Tuesday, February 9, 2010

Walking on Broken Glass - Chapter 1 & 2

Walking on Broken Glass
Abingdon Press (February 2010)


Chapter 1


Cruising the sparkling aisles of Catalano’s Supermarket, I lost my sanity buying frozen apple juice.

Okay, so maybe it started several aisles before the refrigerated cases. Somewhere between the canned vegetables and cleaning supplies. I needed to kill the taste of that soy milk in my iced vanilla latte. Darn my friend Molly, the dairy Nazi. I blamed her for my detour to the liquor aisle. Decisions. Decisions. Decisions. What to pour in my Starbucks cup? Amaretto? Kahlua? Vodka? And the winner was . . . Amaretto. Perfect for an afternoon grocery event.

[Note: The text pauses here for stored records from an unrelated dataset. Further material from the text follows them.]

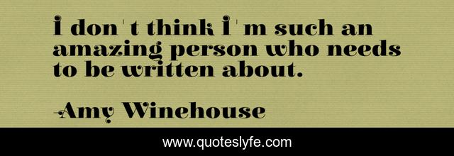 This page presents the quote "I don't think I'm such an amazing person who needs to be written about.". Author of this quote is Amy Winehouse. This quote is about person, needs, think,.
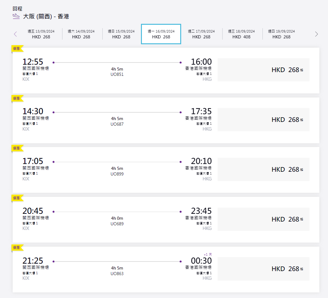 返回 生活 出版:2024-Jun-28 11:00 更新:2024-Jun-28 11:00 HK Express日本機票優惠 單程飛大阪$268起 明年3月前出發 分享: HK Express日本機票優惠 單程飛大阪$268起 明年3月前出發 又有機票優惠!HK Express限時推出日本機票優惠,單程飛大阪只需$268起,明年3月前出發。即睇詳情! HK Express限時推出日本機票優惠,單程飛大阪只需$268起,來回連稅$1,427起。出發日期至明年3月14日,包年聖誕、跨年及櫻花旺季。想去大阪的你一定要搶先預訂! 預訂日期:2024年6月28日 - 6月30日 旅遊日期:2024年8月25日 - 2025年3月14日 預訂HK Express大阪機票 ADVERTISEMENT送BOC Pay+ X M&M'S 慶新年開運箱
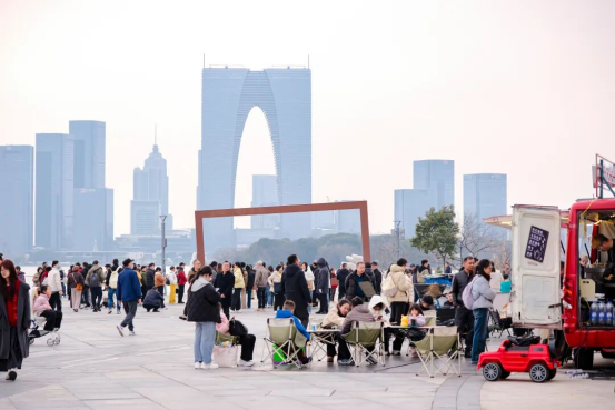 線下,商務區各大商貿載體同步發力、多點開花,蘇州中心、誠品生活、新光天地、久光百貨、金雞湖天虹等轄區商圈,精心開展新春促銷活動,推出年貨市集、新春福袋、心意贈禮等多項福利,結合非遺藝術展、年俗文化節等主題活動,營造濃厚新春消費氛圍,撬動文旅消費持續增長。
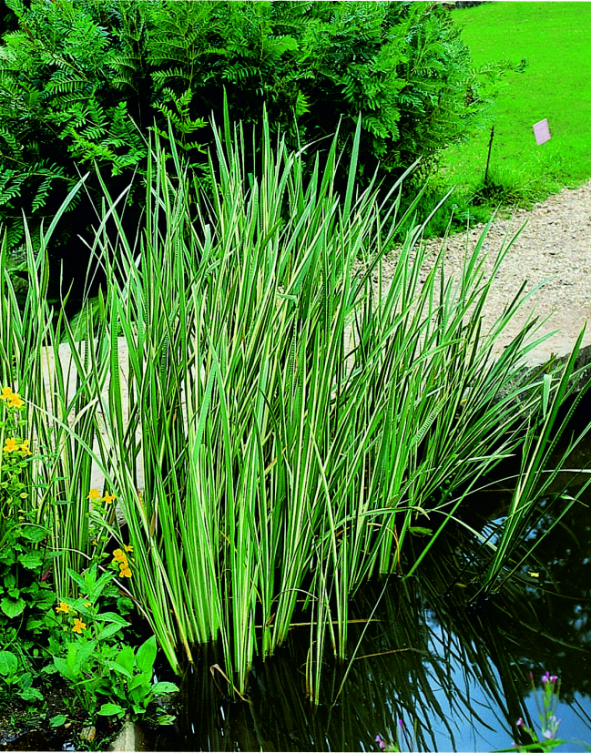 Puškvorec trávolistý panšovaný – Acorus gramineus Variegatus – Okrasná rostlina pro jezírka
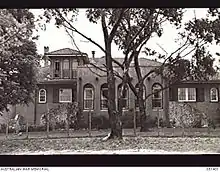 In 1944, during World War II, the Australian Army requisitioned The Chalet and the football ground, and set up The School For Eastern Interpreters[11] for Z Special Unit,[12] as well as a training facility for the Australian Special Wireless Group.[13][14][15][16][17][18][19] 400 personnel were stationed there, living in tents on the football ground. The army constructed the first water mains and connected the estate to the electrical grid.[20]
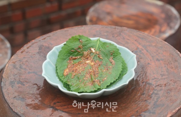 그는 이번 미남축제 때 깻잎 된장김치를 선보였다, 친정어머니가 자주 해줬던 반찬인데 된장에 양파, 통깨, 고춧가루, 참기름 등 양념으로 무친 친정엄마표 깻잎 반찬이다. 여기에 사과와 배를 넣어 자신만의 깻잎된장 반찬을 완성했다.
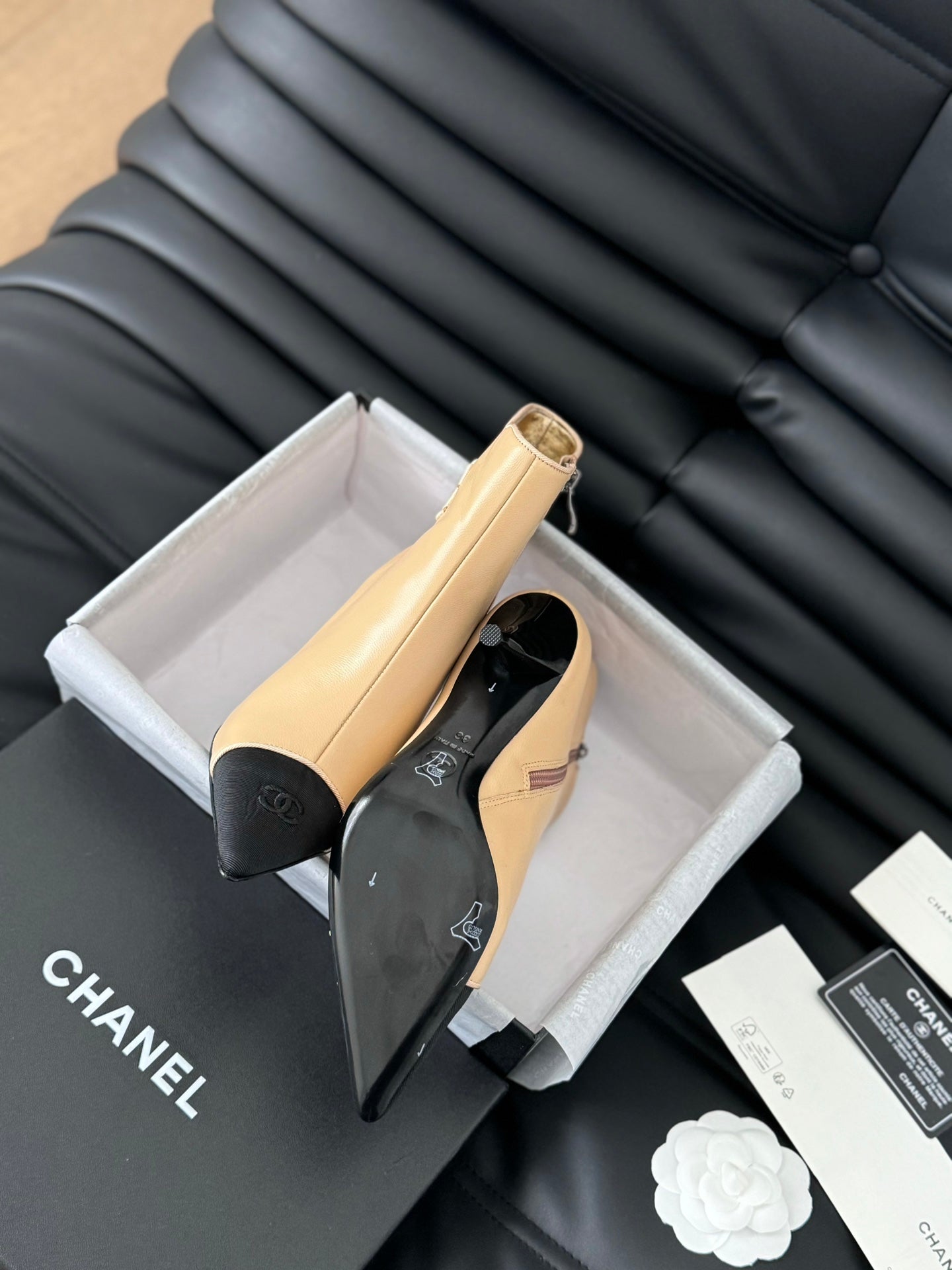 cc short boots 80 heel beige calfskin

Ramping up the coffee seemed like a reasonable idea at the time. I’d left the end-of-the-year faculty party and thought I’d be a considerate wife and pick up dinner for Carl on the way home. He told me before he left for work that morning that he’d meet me at the party. Probably he had one too many meetings, which, since I’d probably had one too many beers, made us just about even. Don’t know if we matched spin cycles in our brains, though. That was the point of the coffee. A rinse cycle of sorts.

I’d just avoided a game of bumper carts with the oncoming traffic in the organic food aisle when I remembered that I needed juice. On the way to the freezer section, I maneuvered a difficult curve around the quilted toilet tissue display. My coffee sloshed in the cup in tempo with my stomach. I braked too swiftly by the refrigerator case, and a wave of latte splotched my linen shorts and newly pedicured toes. Ick.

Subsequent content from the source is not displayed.